__Instructions to follow__. Reproduce verbatim the lines of the material below, starting at the line with "Aftenfalk 1K." and ending at the line with "Den 20 - 24/10", both inclusive; skip the rest.

__Data for review__.
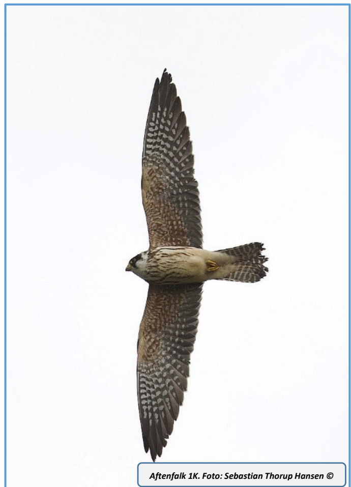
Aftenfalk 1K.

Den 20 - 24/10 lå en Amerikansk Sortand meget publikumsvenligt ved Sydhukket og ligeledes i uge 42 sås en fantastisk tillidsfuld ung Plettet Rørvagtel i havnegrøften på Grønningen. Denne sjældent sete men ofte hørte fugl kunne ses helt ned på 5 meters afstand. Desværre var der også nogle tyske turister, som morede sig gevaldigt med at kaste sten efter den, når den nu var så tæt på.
---
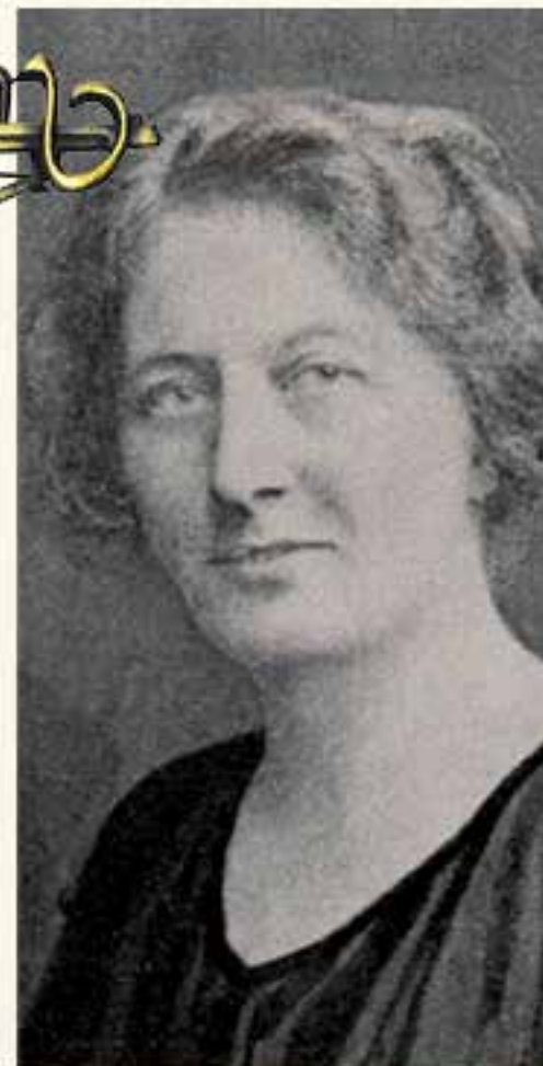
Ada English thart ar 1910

__Completed task__.
Aftenfalk 1K.

Den 20 - 24/10 lå en Amerikansk Sortand meget publikumsvenligt ved Sydhukket og ligeledes i uge 42 sås en fantastisk tillidsfuld ung Plettet Rørvagtel i havnegrøften på Grønningen. Denne sjældent sete men ofte hørte fugl kunne ses helt ned på 5 meters afstand. Desværre var der også nogle tyske turister, som morede sig gevaldigt med at kaste sten efter den, når den nu var så tæt på.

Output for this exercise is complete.